A Line You Have Traced
Across more than a century, three women connected by a narrative persist beyond the brokenness of their worlds in A Line You Have Traced, Roisin Dunnett’s stunning speculative novel.
At the end of World War I, brilliant Bea assists her husband in building their London business—until a rapacious writer invades her married life. Generations later, Kay, a gig-and-gallery worker, frequents queer clubs with her glorious friends, pores over perhaps the last remaining copy of a novel about her great-grandfather, and falls for a science fiction-writing activist, O, who is piqued by her stories of time travelers. And in postapocalyptic London, Ess, a Network acolyte, connects to these past stories by chance.
The three timelines are joined, in part, by themes of upheaval. All living through troubled times, the women resist: Bea, fascism and relegation to “proper” women’s roles; Kay, the persecution of immigrants—and fears of her own irrelevance; and Ess the death keens of a world wherein the rich hoard resources and becoming a parent feels reckless.

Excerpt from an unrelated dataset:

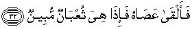 32. Maka Musa melemparkan tongkatnya, lalu tiba-tiba tongkat itu (menjadi) ular yang nyata.

Bea scribbles revelations in a red notebook; reading them years later, Kay’s sense of reality grows thin. And Ess, archiver of the notebook and the novel, is pulled into a plot to shape past lives by scientists who believe that history is permeable, and that a person can travel through time if they have intimate access a “tiny piece of [its] thinness.”
Its prose urgent, elegant, and alarming, A Line You Have Traced is a startling speculative novel that muses through the implications of action and inaction in the face of injustice. Its science is inextricable from its concepts of how repeated narratives bind people together, reaching across eons to shape futures and obscure elements of the past. Indeed, its women find strength in the stories they share, carrying the novel through to its magnificent, desperate ending.